YOUR OBJECTIVE: The reply must consist of the lines from the first line of the records through the line containing "logo @ 12 o'clock.", copied exactly, with every picture omitted.

Start of MATERIAL FOR THIS EXERCISE

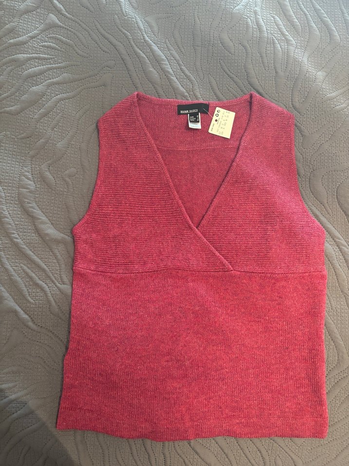 Pembe yün örme kumaştan, V yaka, kolsuz, normal boyda ve dar kesim kadın süveter. Rahat ve şık kullanıma uygundur.
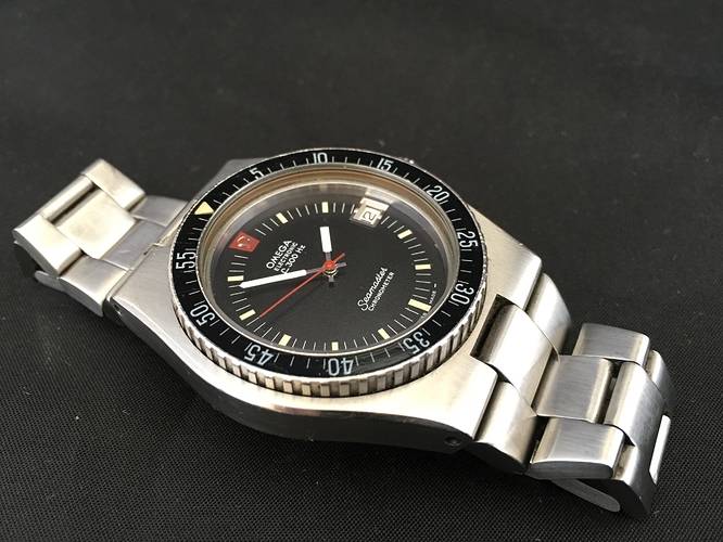 This "Jumbo" Seamaster Electronic f300 (198.0005) is a chunky piece. This is further emphasized by the integrated stainlees steel bracelet (1178). It has a beautiful mat aged black dial with applied Omega logo @ 12 o'clock.
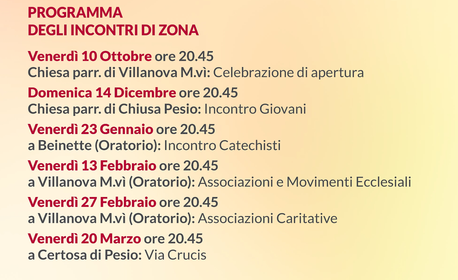 Sono attesi i sacerdoti e gli appartenenti alle varie parrocchie. Dopo questa prima Messa, comincerà il calendario di appuntamenti nella Zona pastorale, che comprende Villanova, Roccaforte, Chiusa di Pesio, Frabosa Sottana, Frabosa Soprana, Pianfei, Margarita, Morozzo, Beinette e Peveragno.
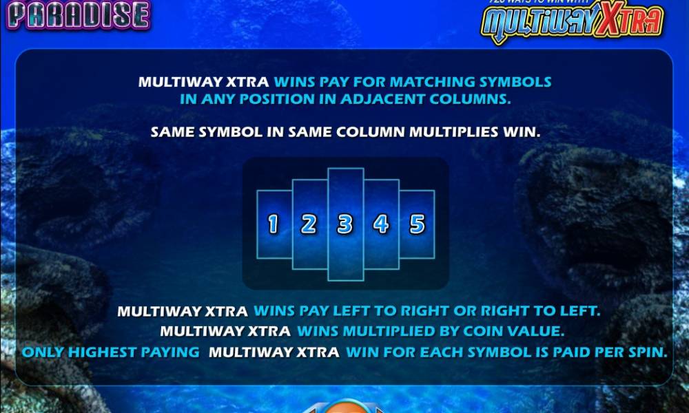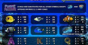 По названию игрового автомата легко можно догадаться, что на его барабанах изображены различные обитатели фауны Тихого океана. Запустив игру, вы увидите разноцветных рыбок. Также разработчики не обошлись без карточных номиналов (Q, K, A). Картинки могут быть одиночными или двойными (Dual). Парные формируют более ценные комбинации. Есть специальные элементы Wild (логотип Pacific Paradise), Bonus (медузы) и Scatter (дельфин). Их возможности рассматриваются ниже: Wild представлен только в трех средних колонках. Этот символ не порадует вас выплатами, однако он может подменять недостающие картинки (кроме скаттеров и бонусных) в цепочках из других изображений. Scatter формирует выигрышные последовательности независимо от расположения на экране. Bonus дает старту раунду фри-спинов, когда пять бонусных элементов оказываются на разных барабанах. Бесплатных спинов предлагается десять. В них деньги на кон за вас будет ставить казино. Размер ставки останется прежним. Спины могут быть продлены, но не более 260 подряд.
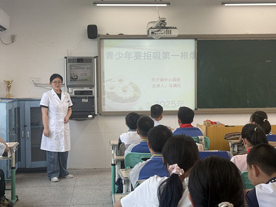 在世界無煙日來臨之際,5月29日,安吉社區教育學院天子湖分院積極行動,特別邀請了天子湖中心衛生院的馬滿紅醫生,為高禹小學502班的學生帶來了一場別開生面的“青少年要拒吸第一根煙”健康知識講座。?
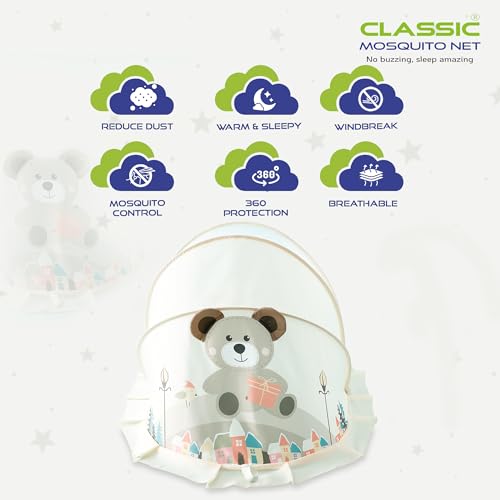 Classic Mosquito Net for Baby | Teddy Bear Print | Bottomless Net for Infants, for Safe & Easy Use | Ensures Your Baby’s Safe Sleep | 98cmX55cmX50cm (0 to 24 Months) – Cream

End of MATERIAL FOR THIS EXERCISE

OUTPUT FOR THIS EXERCISE:
 Pembe yün örme kumaştan, V yaka, kolsuz, normal boyda ve dar kesim kadın süveter. Rahat ve şık kullanıma uygundur.
 This "Jumbo" Seamaster Electronic f300 (198.0005) is a chunky piece. This is further emphasized by the integrated stainlees steel bracelet (1178). It has a beautiful mat aged black dial with applied Omega logo @ 12 o'clock.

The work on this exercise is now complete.